On the backend, Kulicke & Soffa Industries Inc. (Willow Grove, Pa.) said revenue for the second fiscal quarter ended March 31 was $124.8 million compared to $221.8 million in the comparable year-ago quarter. The net loss was $7.7 million, or minus $0.15 per diluted share, versus net income for the year-ago quarter of $29.1 million or $0.44 per diluted share.
Net revenue for the first quarter was $116.3 million. The net loss was $7.2 million, or a loss of $0.14 per diluted share, in the first period.
Included in the expenses for the March 2005 quarter are $2.0 million of costs associated with the severance from several separate actions and the closure of a test facility in Scotland. Also included in the March 2005 quarter is a $378 thousand reversal of gain on the sale of the Willow Grove facility, previously recorded in the first fiscal quarter and recorded as a sale of assets.
Scott Kulicke, chairman and chief executive, painted a mixed picture for the company going forward. "While we see the industry inching upward from a cyclical trough, the rate of improvement isn't sufficient to trigger significant increases in bonder orders yet," he said in a statement.
"Similarly, the ongoing industry-wide semiconductor inventory liquidation that is taking place seems to be holding down both test and materials orders," he said. "Our customers continue to tell us to expect improved business conditions later this year, but for the June quarter, we expect revenues to be in the range of flat to up 10 percent compared to the March quarter."
On the materials side, MEMC Electronic Materials, Inc. (St. Peters, Mo.) reported net sales of $257.9 for the first quarter of 2005, up 12.7 percent over the like period a year ago but down 3.9 percent sequentially.
The silicon wafer maker reported a net of $77.2 million, or $0.34 per share, in the quarter, compared to $70 million, or $0.32 a share, in the previous period, and $35.9 million, or $0.16 percent, a year ago.
"A slower than anticipated market recovery had an impact on our first quarter results," said Nabeel Gareeb, MEMC's chief executive, in a statement.
"We are beginning to see signs of improving demand and we anticipate the second half of 2005 will provide good momentum for the recovery from this transition period," he said. "Based on some degree of uncertainty during the early part of the second quarter associated with this market inflection point, we are guiding net sales in the second quarter to be up in the 2 percent to 5 percent range sequentially."

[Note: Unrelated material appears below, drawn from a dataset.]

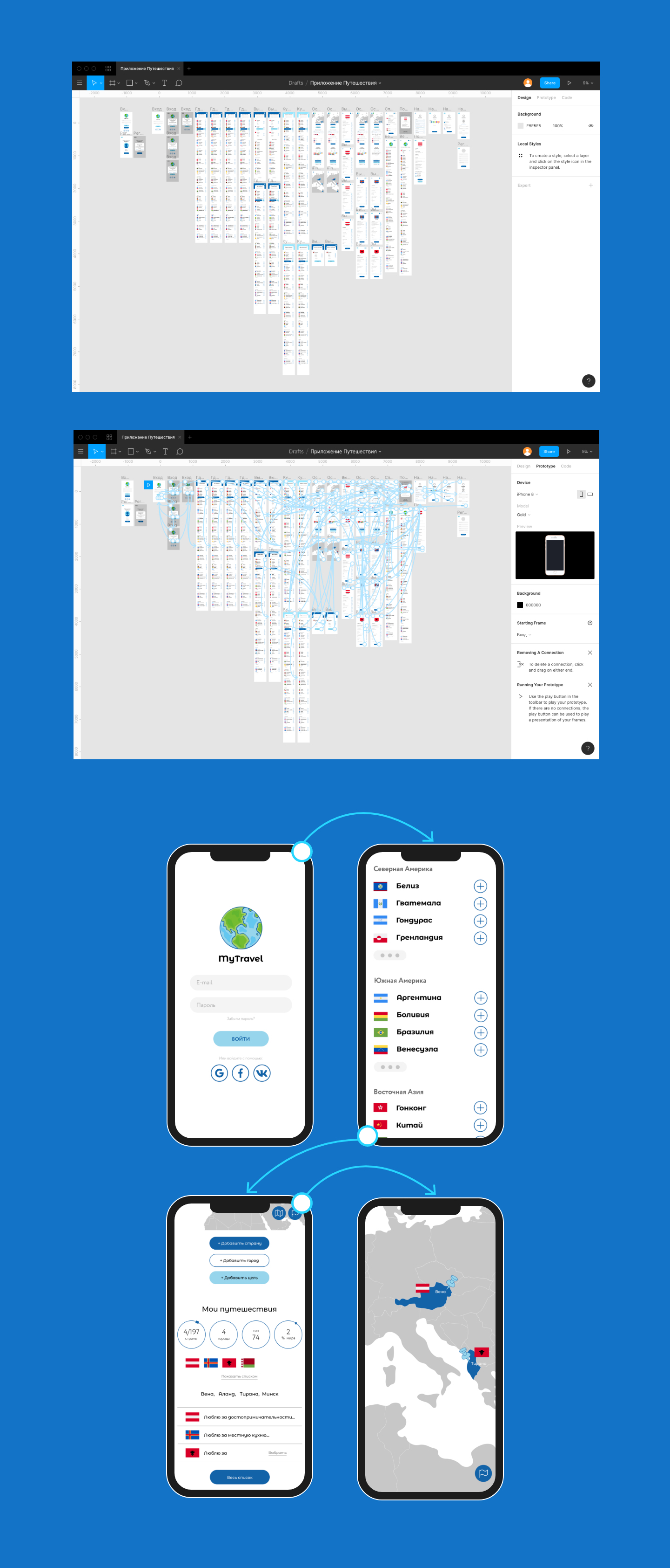 У заказчика была давняя мечта: создать мобильное приложение о путешествиях, где каждый желающий мог бы на карте отметить те страны, которые он посетил. В App Store уже были аналоги, но проведя подробный анализ, мы поняли, что сможем сделать гораздо лучше. Проблема заключалась в существенных функциональных ограничениях существующих решений. Поэтому нашим приоритетом была разработка подробного user journey, чтобы сделать приложение по-настоящему полезным компаньоном любого треволера. Вместо 7 запланированных экранов получилось 22. Внимание! Создание дизайна не проводилось.

Cabot Microelectronics Corp. (Aurora, Ill.), a supplier of chemical mechanical planarization (CMP) polishing slurries to the semiconductor industry, said total revenue for the second fiscal quarter was $64.5 million, down 3.8 percent from $67.1 million in the prior quarter and down 12.3 percent from $73.5 million in the second quarter a year ago.
The sequential revenue decrease was primarily due to lower demand for the company's products used in dielectric and tungsten applications, the combined revenue of which declined by 5.2 percent sequentially
Net income for the quarter was $6.1 million, down 38.4 percent from the $9.8 million reported last quarter and down 37.7 percent from $9.7 million in the same quarter last year. Diluted earnings per share were $0.25 this quarter, compared to $0.40 in the previous quarter and $0.39 in the year ago quarter.